Springing Forward to High Performance
State-of-the-art performance in today's digital communication
systems can be achieved if error correction is employed.
By Robert Howald
In our first two "Building Blocks"
columns, we pointed out the importance of top-down design of a communication system by emphasizing the importance of the link budget, followed by a discussion of a couple of relevant contemporary channels. While the link budget is the holy grail of an accurate system design, it is important to recognize that link and channel analysis often require trade-offs. In the column on link budget, the modulation type was implicitly assumed in order to outline how to apply impairments and ultimately determine
degradations. However, choice of modulation obviously depends heavily on the channel type, as well as the application and its performance requirements. The choice is driven heavily by whether the channel is power-limited or bandwidth-limited, two self-explanatory and commonly used terms to roughly describe the fundamental constraints of the channel. Both channels described last month (twisted pair, which are used for digital communications, and the return-path HFC [hybrid fiber coax] channel) represent
bandwidth-constrained situations. Of course, each also has power limitations to be wary of. An obvious power-limited situation is a satellite-to-ground link, where limited downlink power is available relative to the link loss.
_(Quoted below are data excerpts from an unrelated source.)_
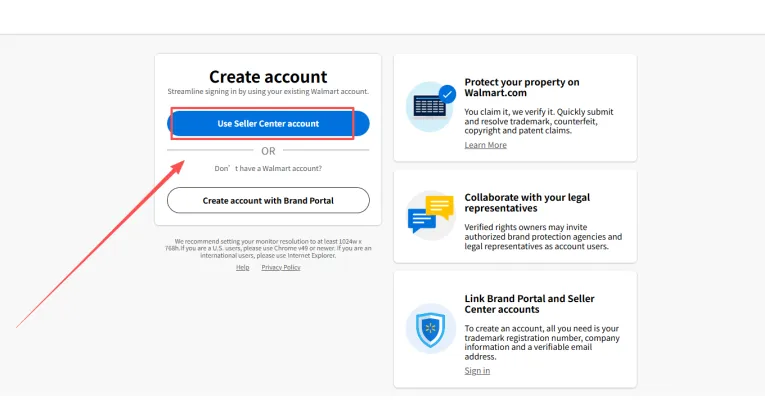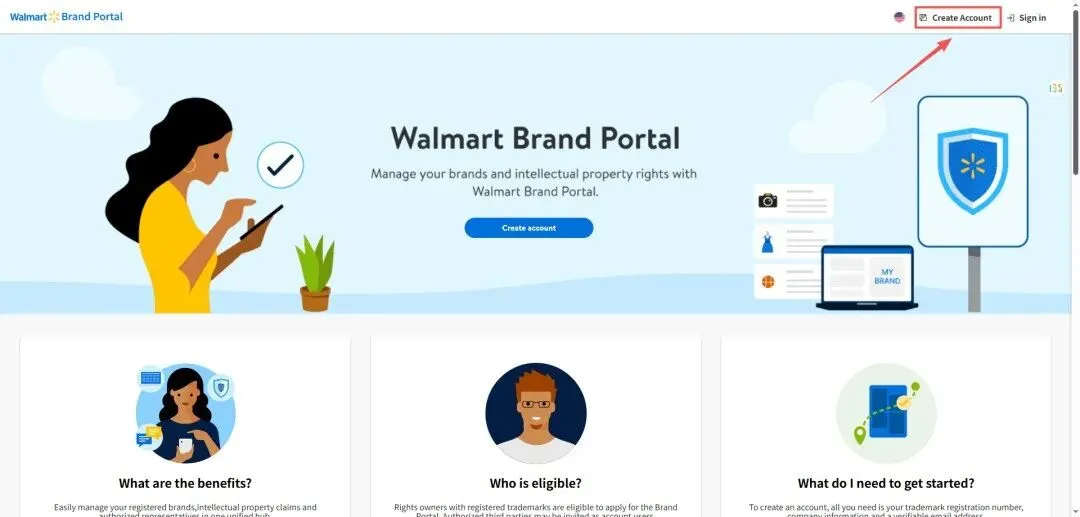 请登录https://brandportal.walmart.com/,进入品牌门户网站,然后选择“create account”(创建账号)。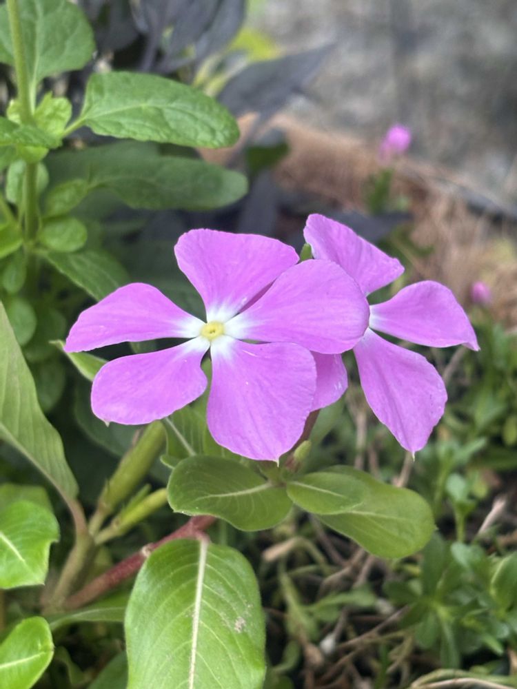 ニチニチソウのピンクは、零れたねから。ニチニチソウは、立ち涸れてしまうことが多く、上手く育てられない。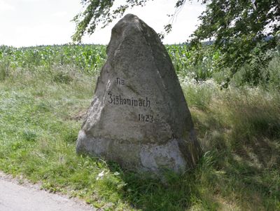 Památný kámen osvobození v roce 1945 u pomníku padlých v Jihlávce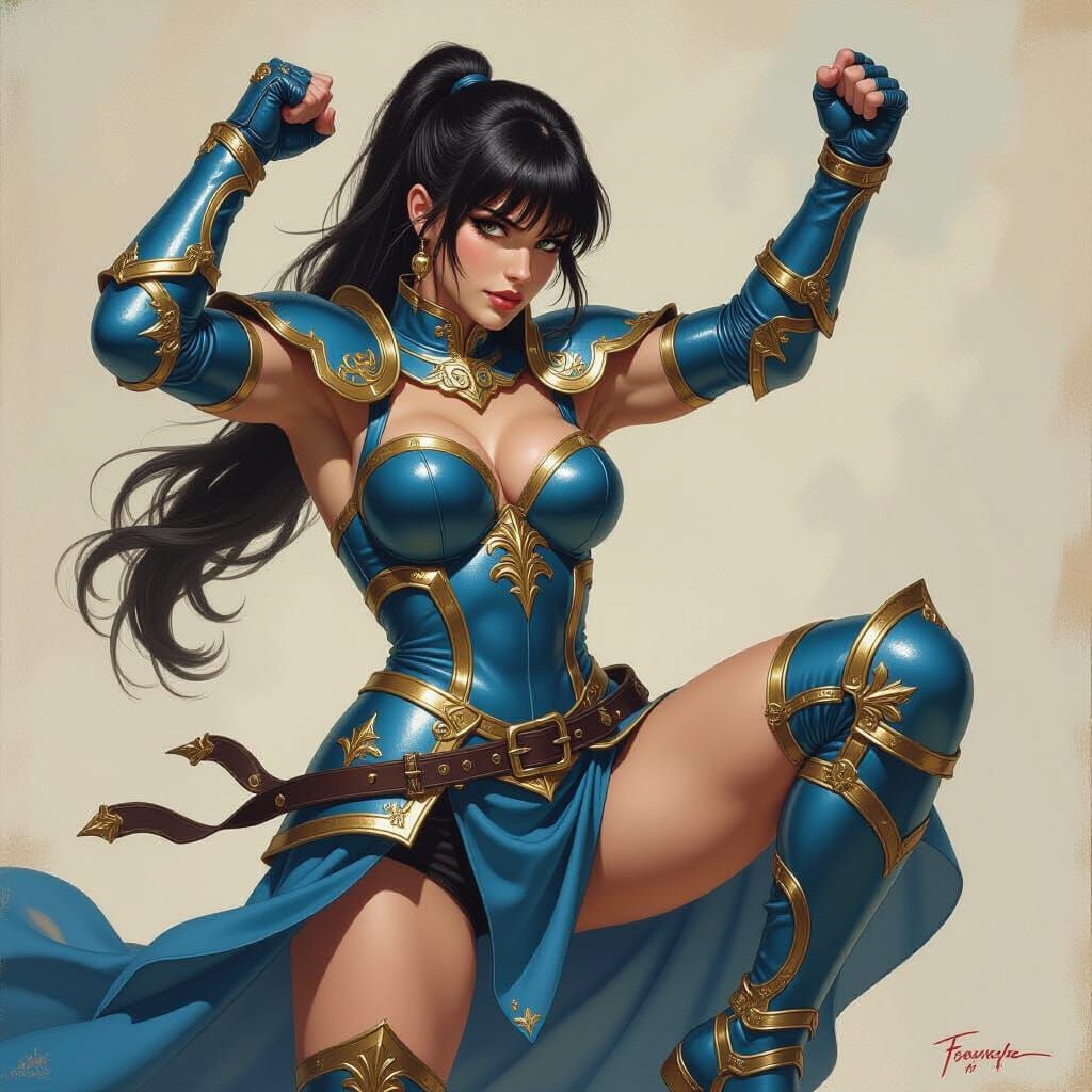 A vibrant oil painting of a young female knight with black hair and heterochromia, clad in blue and gold armor. The artwork captures a dynamic, heroic pose with intricate details.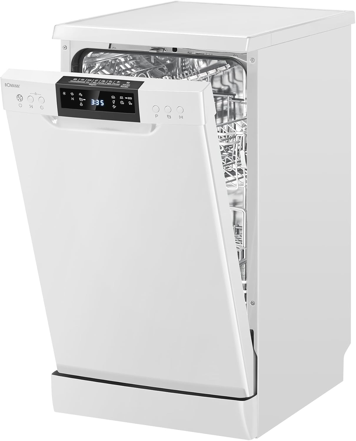 Bomann Geschirrspüler 45 cm 10 Maßgedecke Spülmaschine Stand o. Unterbau 7 Programme und 2 Sprühebenen Dishwasher mit Startvorwahl Geschirrspüler unterbaufähig LED- Display GSP 7418 weiß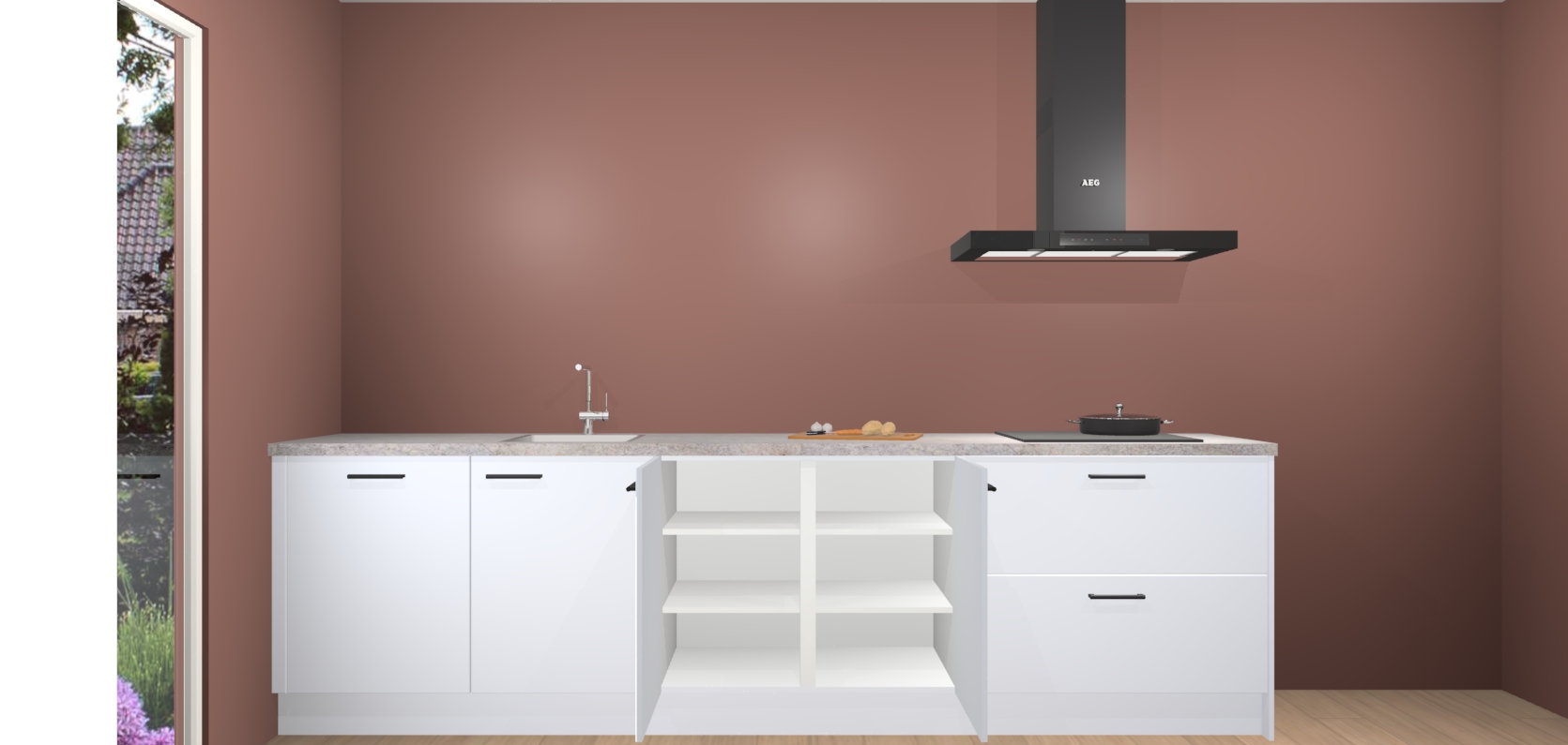 De softclose deuren openen en sluiten is ook heel eenvoudig - geniet van een moeiteloze keukenervaring, zelfs als er kinderen rondlopen. Voor extra gemak bij het plaatsen van uw bestelling bieden we ook een upgrade naar een kookplaat met geïntegreerde afzuiging.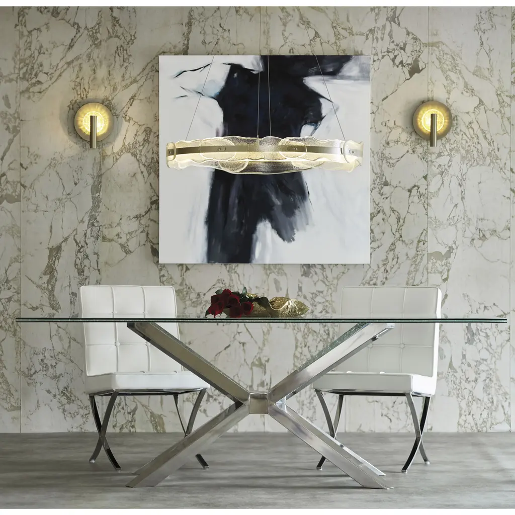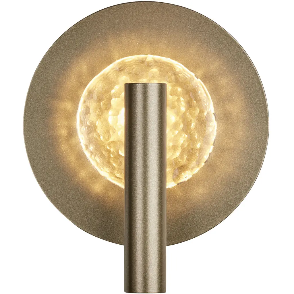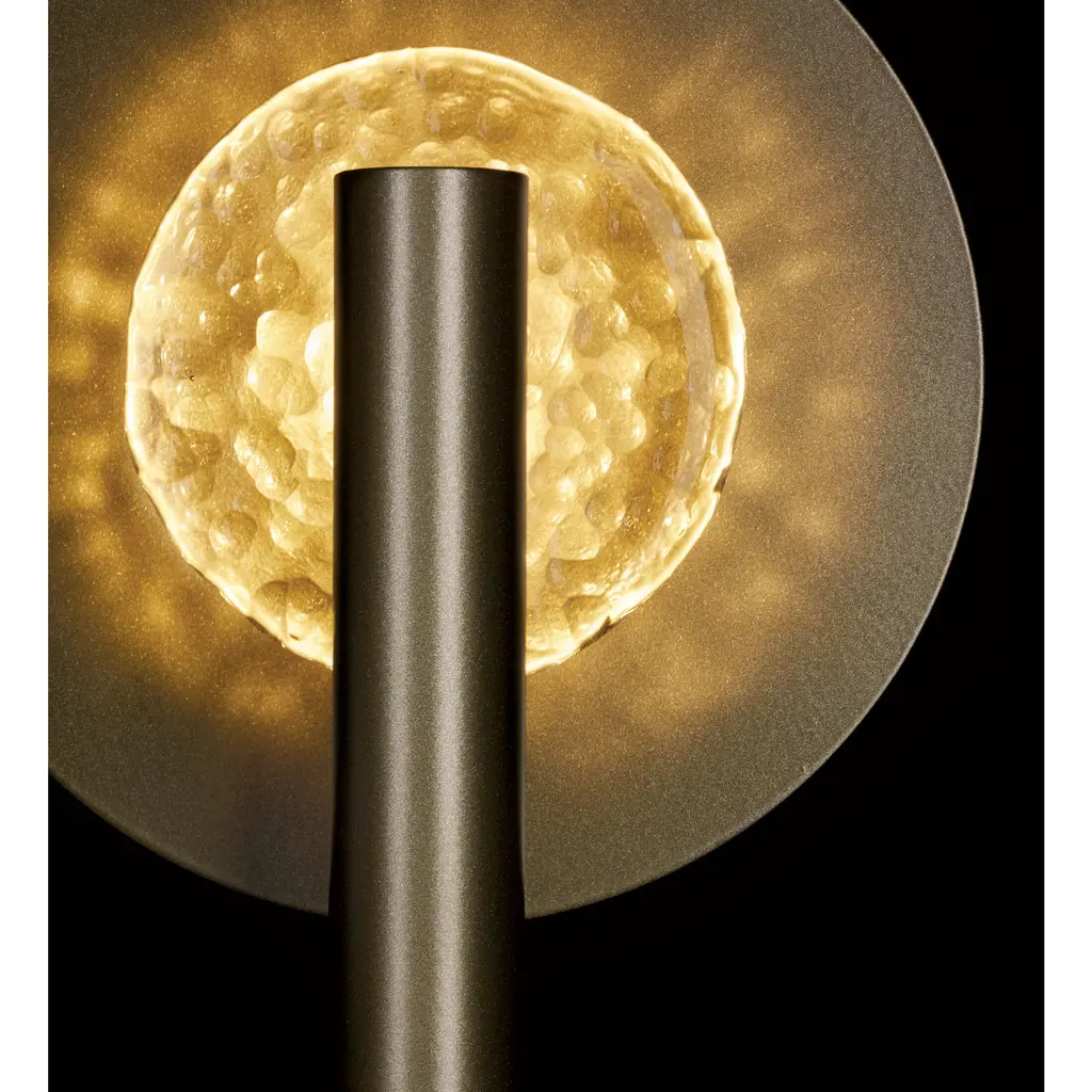 The beauty is in the details. The light is focused on a hand-poured, textured artisanal glass disc creating a unique glowing aura of light on its circular backplate.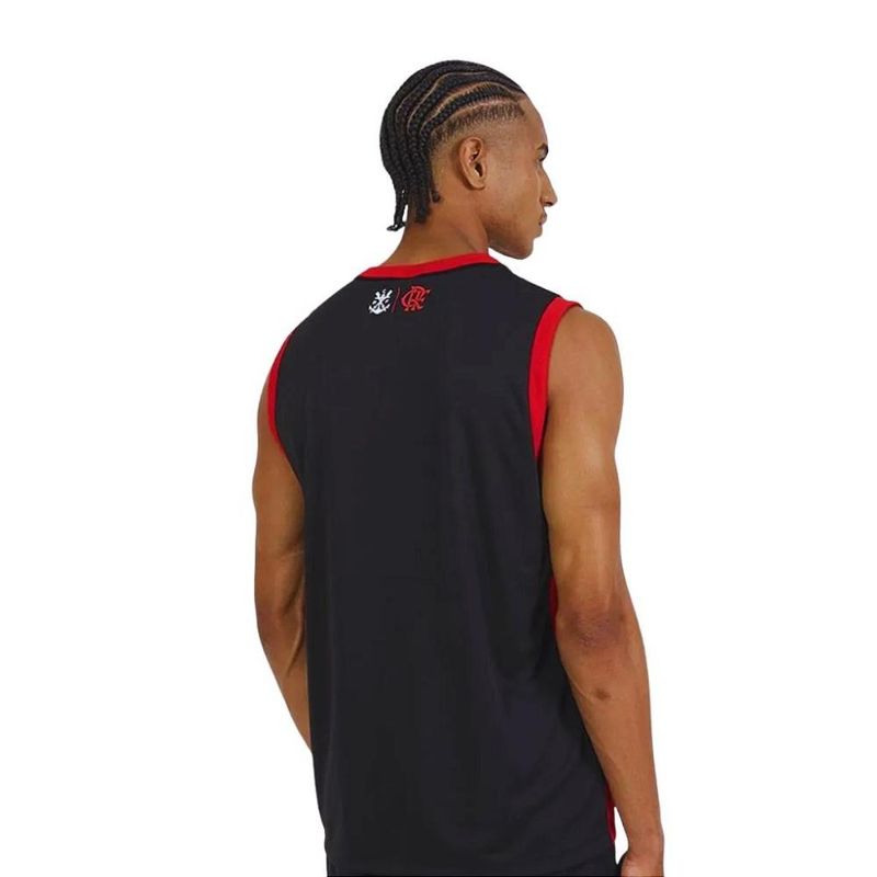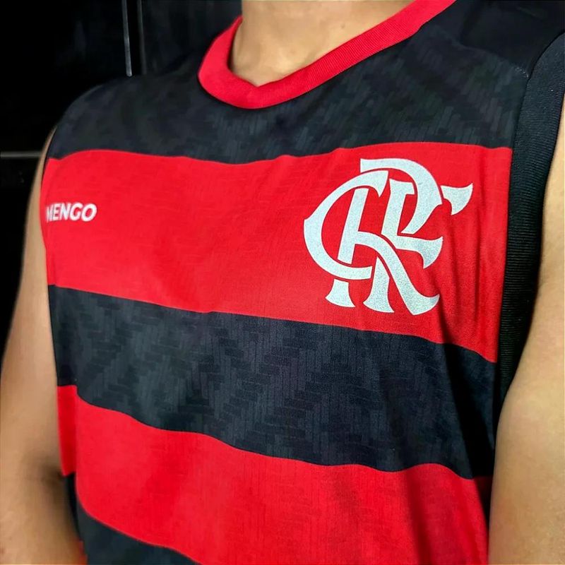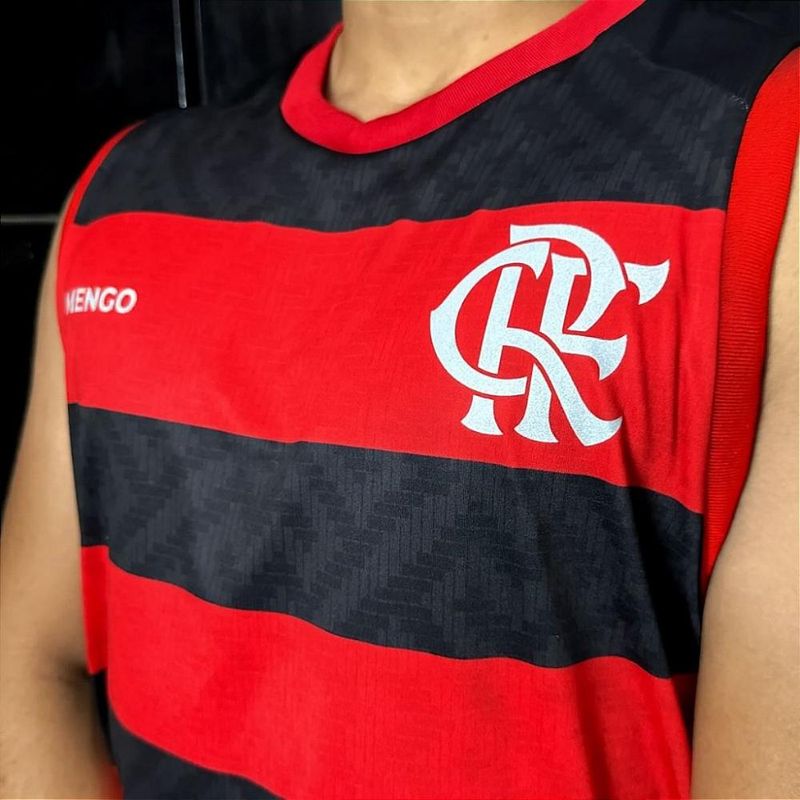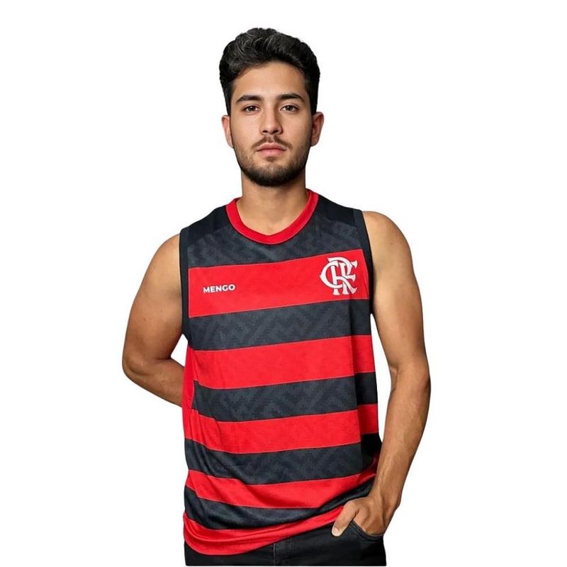 Camisa Flamengo Regata Listrada Presença Adulto Oficial Camisa Flamengo Regata Presença Rubro Negro - Masculino Camisa Flamengo regata confeccionada em tecido poliéster, leve e confortável, ideal para o dia a dia ou para torcer com estilo. Com design moderno em listras horizontais nas cores preta e vermelha, ela destaca o escudo estampado do Clube de Regatas do Flamengo no lado esquerdo do peito, com as letras “CRF” entrelaçadas em branco e a inscrição “FLAMENGO” logo abaixo. A gola redonda vermelha complementa o visual esportivo e vibrante da peça. - Produto Oficial Licenciado Flamengo Informações Adicionais: Tecido: 100% Poliéster Gola: Redonda Mangas: Curtas Escudo: Estampado Medidas aproximadas (A x L): P: 70 x 52 cm M: 72 x 54 cm G: 74 x 56 cm GG: 76 x 58 cm XG: 81 x 59 cm

For many known channels, the choice of modulation family is clear.
The digital modulation choices available are well covered in my two-part series published in this magazine last summer.1,2 For those who spend their extra summer hours at softball games and barbecues, now would be a good time
to pull these issues off the bottom of that pile of Communication Systems Design magazines in the corner of your office (if, of course, a review of the techniques is of interest). Link analysis, channel impairments, and modulation type ý these are a communication systems engineer's version of the "Big Three." Understanding these to be the priority-one issues, we will undertake a perusal of a topic that might be among those considered priority "1a:" error correction.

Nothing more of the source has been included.